Diary of an Expat, Part 52
Getting out of Berlin, the easy way
I sort of grew up in small places.

I lived in rural Maryland for much of my youth, and the time I didn't spent there I spent on an airbase in Japan — military bases abroad being as much like small-town 1950s neighborhoods as you can get these days. I spent my summers on a farm in the rural Pacific Northwest.

What I mean to say by all of this is that I am not really a "city person," per se; I generally find them to be overwhelming, and for me the best part of being in a city is the times when you can get out of it. Which is what I did today.

In Berlin, this is something you can do with comparative ease. The city is rigorously well planned, inside and out: I have spoken before about the parks here, and how the city's mass transit system effectively obviates the need for owning a car — more than that the city is intrinsically walkable, if you wanted to get around without even a bike or a bus pass.

From where I live, I have discovered, a 30 minute train ride (one connection) takes you out of the city and down to the suburb of Rudow, which is sort of where the new airport will be if it ever exists. Rudow is notionally part of Berlin, but in a practical sense the pace of life is quite different — it "feels" smaller, the streets are narrower and quieter, there are fewer cars, and the busses are less packed and come less often.

When you thread your way through the village park, you come to, effectively, the edge of Berlin — and then it is a simple matter to just keep walking. Then you are in the middle of open fields and dirt paths that thread through little woods, and the city has completely disappeared. It's quiet, and if you find the right hill to hide you from the skyline ten miles away you might almost think it wasn't there at all.

I don't think you can see the stars, alas — still too much light pollution for that. Tonight, even though I was out past 10, it wasn't possible to see the stars because the moon was ridiculously bright. Bright enough to cast stark shadows; I stood, on narrow muddy tracks, and watched open countryside roll away before me. It was absolutely breathtaking.

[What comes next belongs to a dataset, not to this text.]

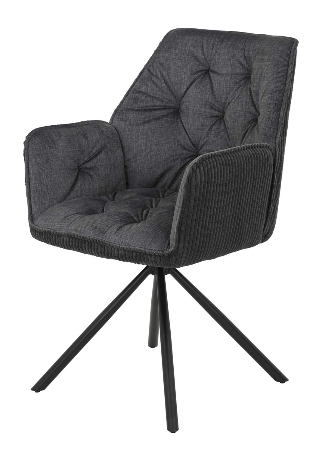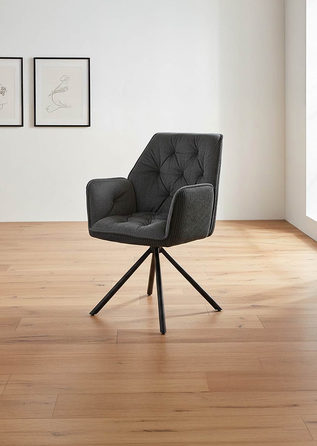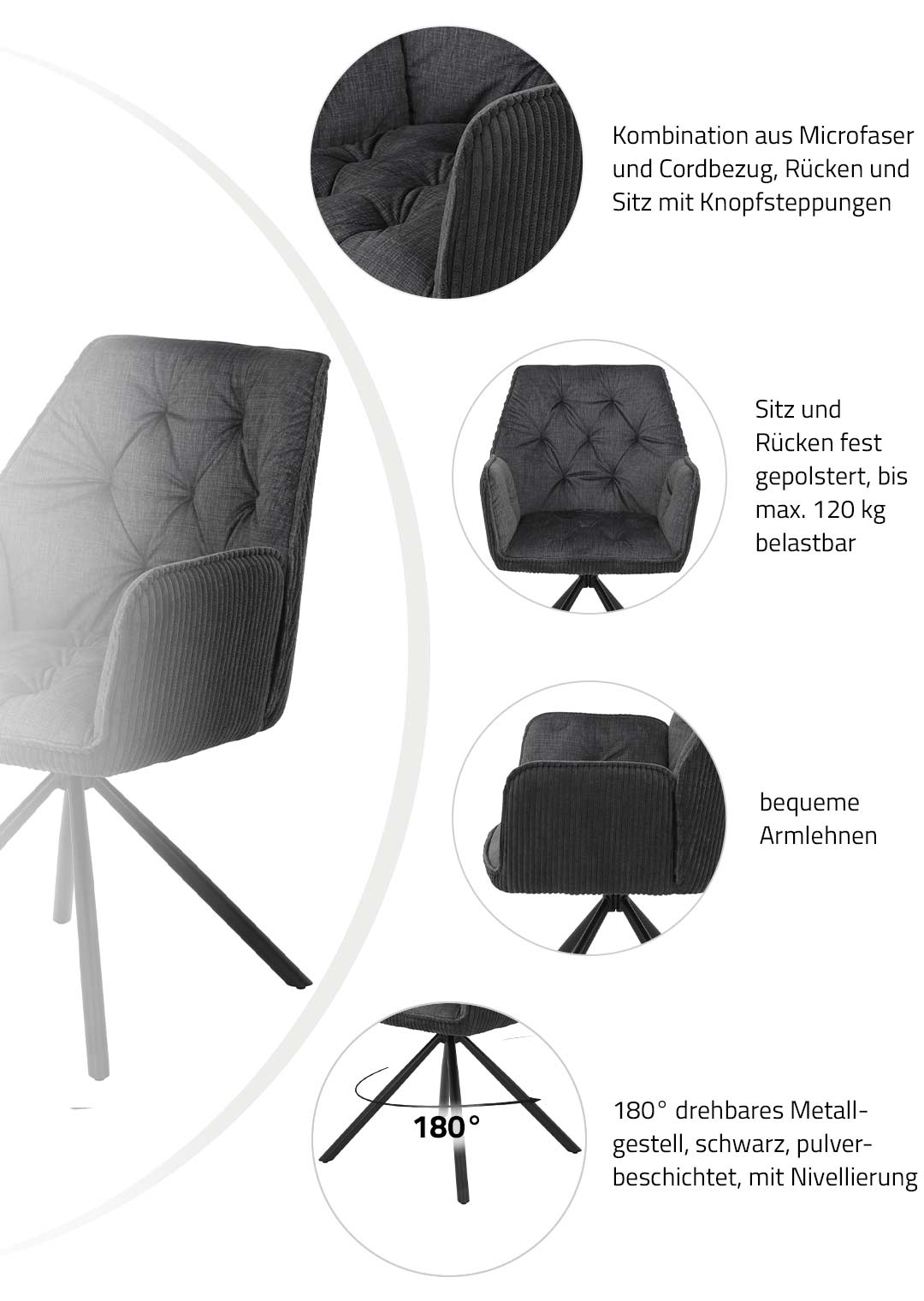Statten Sie Ihre Zuhause mit dem neuen und funktionalen Trendsetter aus!Unser Armlehnstuhl INGE hebt Ihre Einrichtung auf ein ganz neues Level. Die ideal abgestimmte Kombination von Microfaser und Cord zeugt vom neuesten Wandel in der Möbelbranche. Der gelungene Textilmix in anthrazit strahlt nicht nur stilvolle Eleganz aus, beide Stoffe begeistern auch durch eine angenehme Haptik. Aufwendige Knopfsteppungen bringen Gemütlichkeit in die Gesamterscheinung und durch selbige erinnert der Stuhl an einen bequemen Sessel. Verstärkt wird dies durch weiche Rundungen des sonst klar konturierten Looks. Dank seines Äußeren lädt der Stuhl zu entspannten Mahlzeiten oder ausgiebigen Abenden mit Familie und Freunde ein. Beim Hinsetzen werden Sie feststellen, dass die Schaumstoff-Polsterung ein behagliches Sitzerlebnis bietet. Weiterer Komfort wird Ihnen durch die Drehfunktion geboten. So können Sie den Stuhl während einer Gesprächsrunde jederzeit um 180 Grad drehen und gespannt der Konversation folgen. Außerdem wurde eine Nivellierung verbaut, was bedeutet, dass die Sitzschale beim Aufstehen wieder in die Ausgangsposition zurückspringt. Zum Abschluss vervollständigt das stabile schwarze Metallgestell das raffinierte Gesamtpaket.Bestellen Sie noch heute Ihren neuen Armlehnstuhl oder besuchen Sie uns an einem unserer Standorte.Wir freuen uns auf Sie!| Produktdetails: | |

Berliners realize this too, of course; there were, before the light faded completely, people walking dogs, or just enjoying the open air — but this is a luxury that you have, in any case, and should take advantage of. Someone living in downtown Los Angeles or Denver is less well served, I think.

So it was a lovely, lovely way to end the week. It's been really chaotic here, and I thought the weather might not coöperate, but the rain that plagued us this afternoon finally lifted, so there was nothing to shield Berlin from the harsh, cold glare of the moon on a crisp fall night that was perfect for a little campfire.

It's such a wonderful change of pace.